_BRIEF_. Nothing but the lines from the one containing "Am Donnerstag, dem" through the last line of the records belongs in the answer, copied exactly and with the pictures left out.
Start of INFORMATION GIVEN
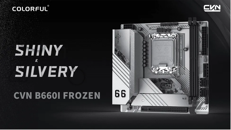 Công ty TNHH Công nghệ COLORUL, nhà cung cấp bo mạch chủ, card đồ họa, máy tính chơi game all-in-one và các giải pháp giải trí đa phương tiện, thiết bị lưu trữ chuyên nghiệp, trân trọng được ra mắt bo mạch chủ CVN B660I GAMING FROZEN và CVN B660I GAMING, dòng bo mạch chủ Mini-ITX mới nhất vừa được bổ sung vào dãy sản phẩm CVN Series dành cho loạt vi xử lý Intel Core thế hệ thứ 12. Bo mạch chủ GAMING FROZEN được hoàn thiện với tông màu trắng cùng với bộ tản nhiệt CNV màu bạc.
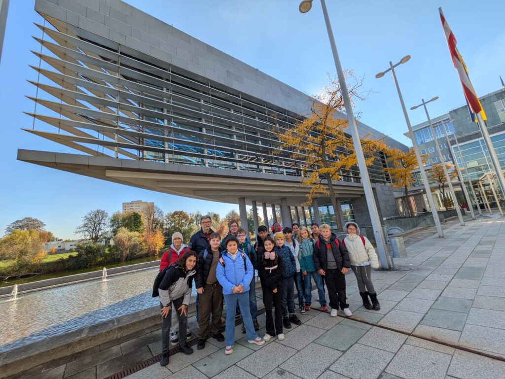 Am Donnerstag, dem 16. Oktober 2025, besuchte die Klasse 4b bei wunderschönem Herbstwetter das Landhaus im Regierungsviertel. Bei einer Führung erfuhren die Schüler viel Interessantes über NÖ und die Landesregierung.
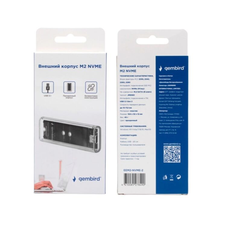 Внешний корпус Gembird EEM2-NVME-2 USB 3.1 для M2 NVME порт Type-С, пластик, прозрачный
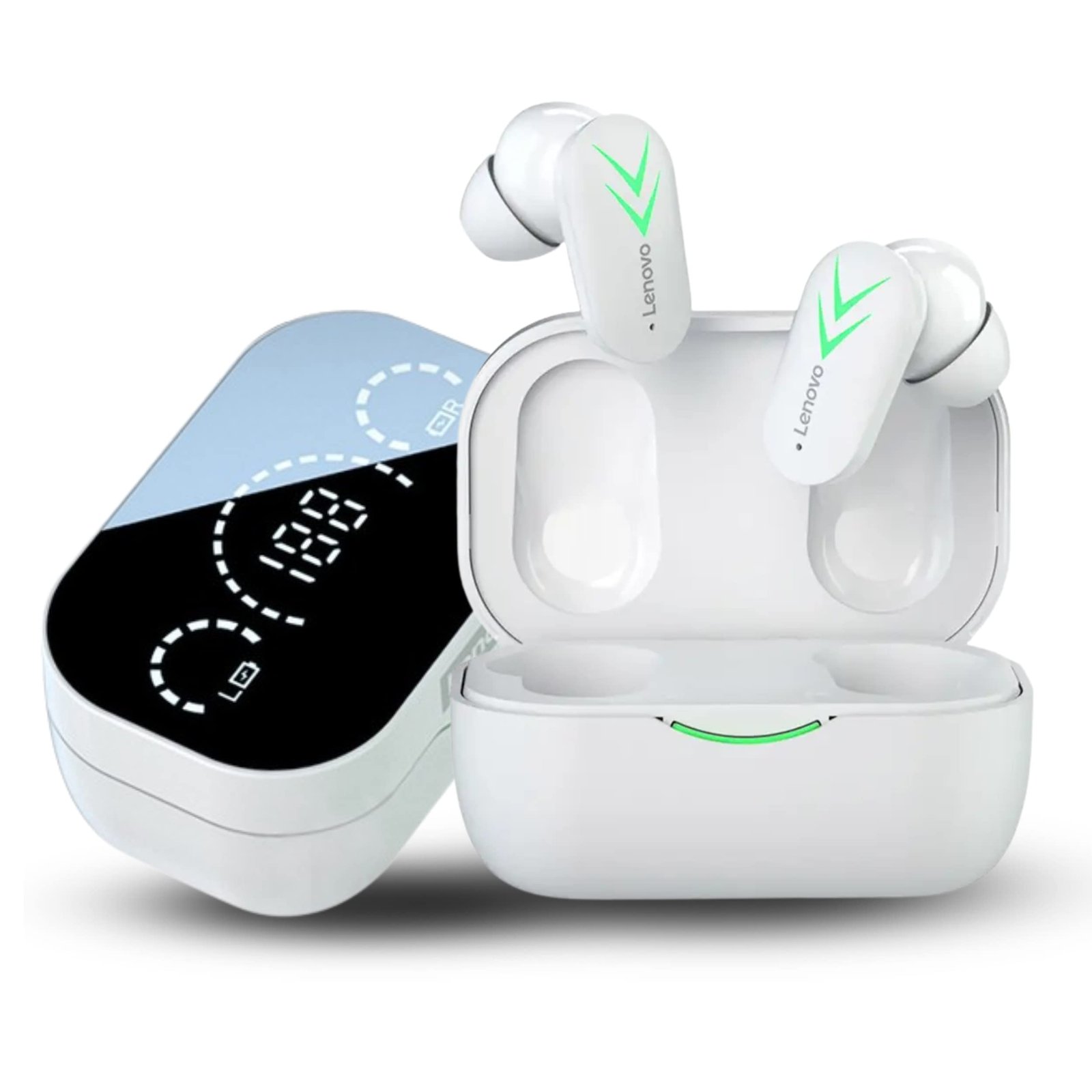 Auriculares lenovo con baja latencia y control táctil, ofrecen sonido estereo.
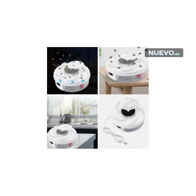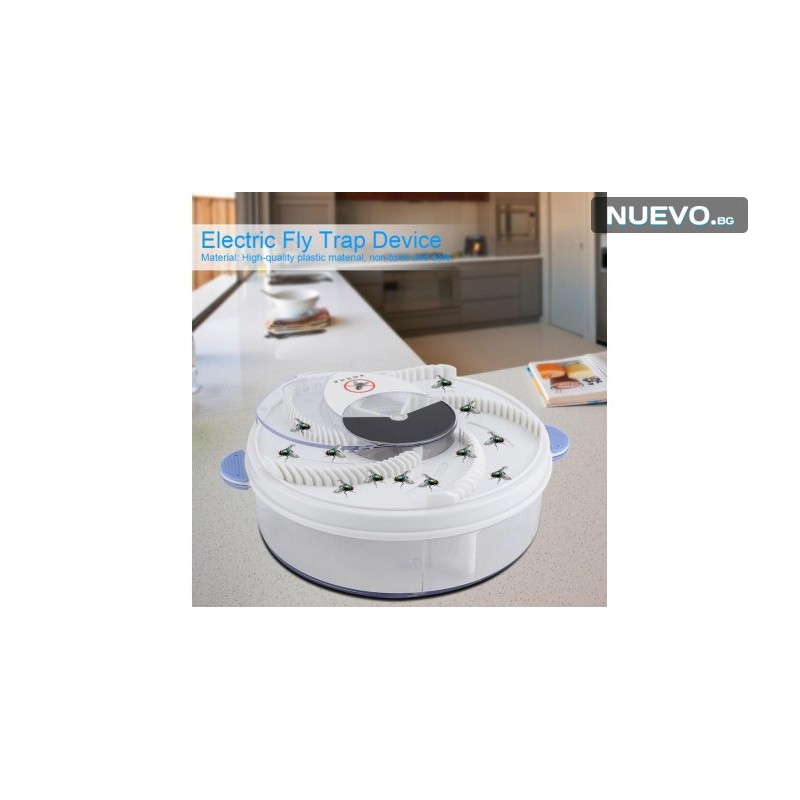 Електрически капан за мухи представлява кръгъл уред, разделен на 5 зони. Във всяка зона има обособено място, в което да се постави примамката (смес, привличаща мухите).Мухите се подмамват от нея и кацат по целия капан за мухи.Включвайки уреда в тока, предпазният капак отгоре започва бавно да се върти, избутвайки мухите в долния съд на уреда.По този начин те са уловени и не могат да излязат без да отвориш съда.
End of INFORMATION GIVEN
_RESULT OF THE EXERCISE_.
 Am Donnerstag, dem 16. Oktober 2025, besuchte die Klasse 4b bei wunderschönem Herbstwetter das Landhaus im Regierungsviertel. Bei einer Führung erfuhren die Schüler viel Interessantes über NÖ und die Landesregierung.
 Внешний корпус Gembird EEM2-NVME-2 USB 3.1 для M2 NVME порт Type-С, пластик, прозрачный
 Auriculares lenovo con baja latencia y control táctil, ofrecen sonido estereo.
 Електрически капан за мухи представлява кръгъл уред, разделен на 5 зони. Във всяка зона има обособено място, в което да се постави примамката (смес, привличаща мухите).Мухите се подмамват от нея и кацат по целия капан за мухи.Включвайки уреда в тока, предпазният капак отгоре започва бавно да се върти, избутвайки мухите в долния съд на уреда.По този начин те са уловени и не могат да излязат без да отвориш съда.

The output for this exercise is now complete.